And E, connecting the horizontal beam 11 in the dam with the slope inclined beam 6, and sequentially digging out the foundation of the horizontal beam 11 in the dam by manually matching with a small excavator, overlapping and extending the reinforcing steel bar bundles to the construction range of the slope inclined beam 6, welding the reinforcing steel bars in the construction range, performing concrete pouring maintenance on the slope inclined beam 6, filling broken stone into a groove, and compacting by small tamping equipment. Because the slope sloping beam 6 is an embedded dam body, a small excavator is required to dig out a foundation. The minimum working width of the excavator is 3m, the slope is repaired according to the steps of the distribution elevation of the slope sloping beams 6, the slope is repaired according to six steps, and the working platform of each step is 3m wide. The slope leveling is carried out in two stages of initial leveling and fine leveling. The rough level adopts a backhoe to be matched with the human body. Manually removing the upper surface layer marble and the serious superfilling part according to the design slope line of the measurement lofting, and trimming the backhoe from the lower part; and (3) leveling the part with serious partial underfill by feeding the part from the nearest operation platform through a chute, wherein the leveling standard is controlled to be +/-30 cm. The leveling is carried out after pouring of the slope inclined beam 6 is finished, leveling work is carried out according to blocks, manual leveling is mainly adopted, manual steel tape control is adopted, and the error is not more than 10cm. The slope leveling waste slag is sent to a road surface loading vehicle through a chute to be transported to a region to be filled. The foundation trench adopts the mode of manual auxiliary mini excavator, excavates according to the design requirement strictly. The steps are the basic surface of the slope sloping beam 6, after rough leveling is finished, artificial leveling is performed firstly, the error is within +10cm, the super-digging part is backfilled with mortar, and then concrete pouring is performed.

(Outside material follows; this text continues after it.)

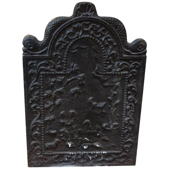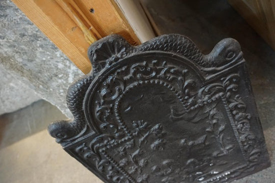 Iron fireback originates from France, circa 1880s. Features a floral, romantic motif and nice curves.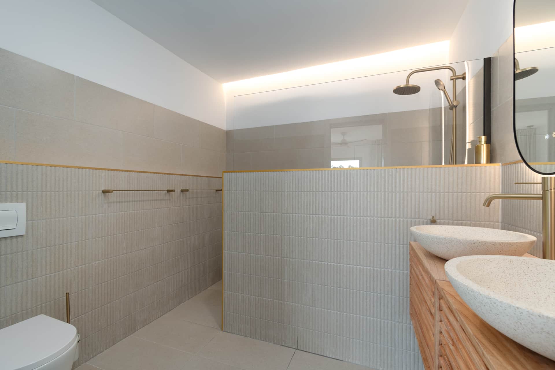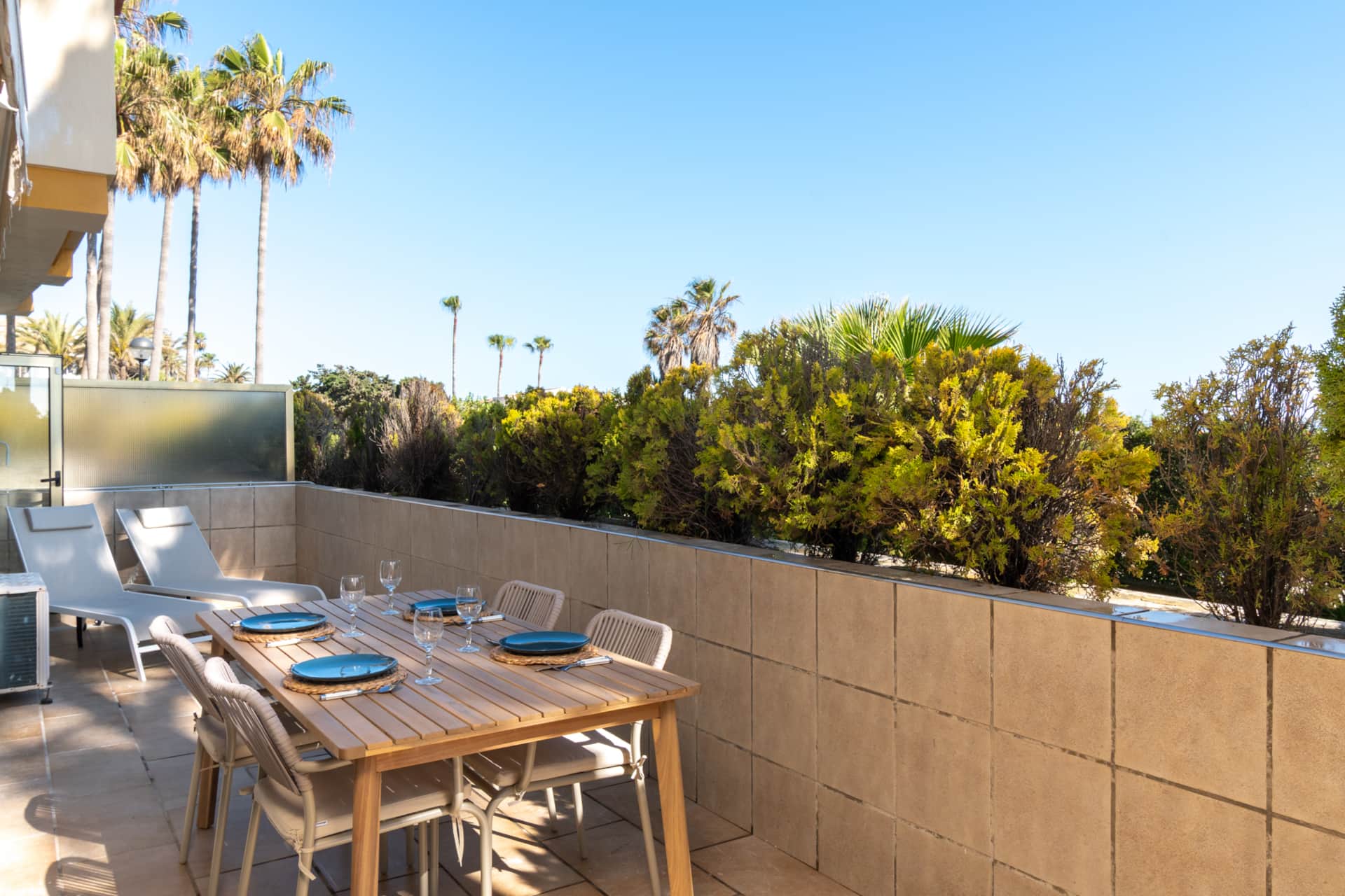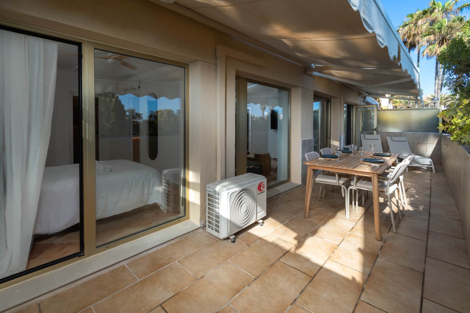 Inside, the apartment has been freshly renovated with a unique, modern aesthetic that blends natural textures and clean lines to create a calm, beach-inspired atmosphere. It features two stylish bedrooms, each with its own full ensuite bathroom and direct access to the terrace. The fully equipped kitchen has everything you need for home-cooked meals, while the open-plan living and dining area includes a generous, ultra-comfy sofa where you can stretch out after a beach day, curl up with a book, or gather for a cozy movie night. Air conditioning is installed through the house.

And F, constructing an outer slope of the upper dam road 5, constructing the upper dam road 5 along with the rising of a dam body filling working surface, calculating the three-dimensional coordinates of the upper dam road 5, measuring and setting out, filling the upper dam road 5 layer by layer according to the elevation, wherein the filling material of the upper dam road 5 is the same as that of the dam body filling material, the anchor tendons of the upper dam road 5 are respectively connected with the horizontal beams 11 and the slope inclined beams 6 in the dam to form an anti-seismic framework, and the slope ratio of the outer slope is gradually changed from 1:1.35-1:2 so that the slope of the outer slope and the slope of the earth-rock dam are in forward lap joint transition.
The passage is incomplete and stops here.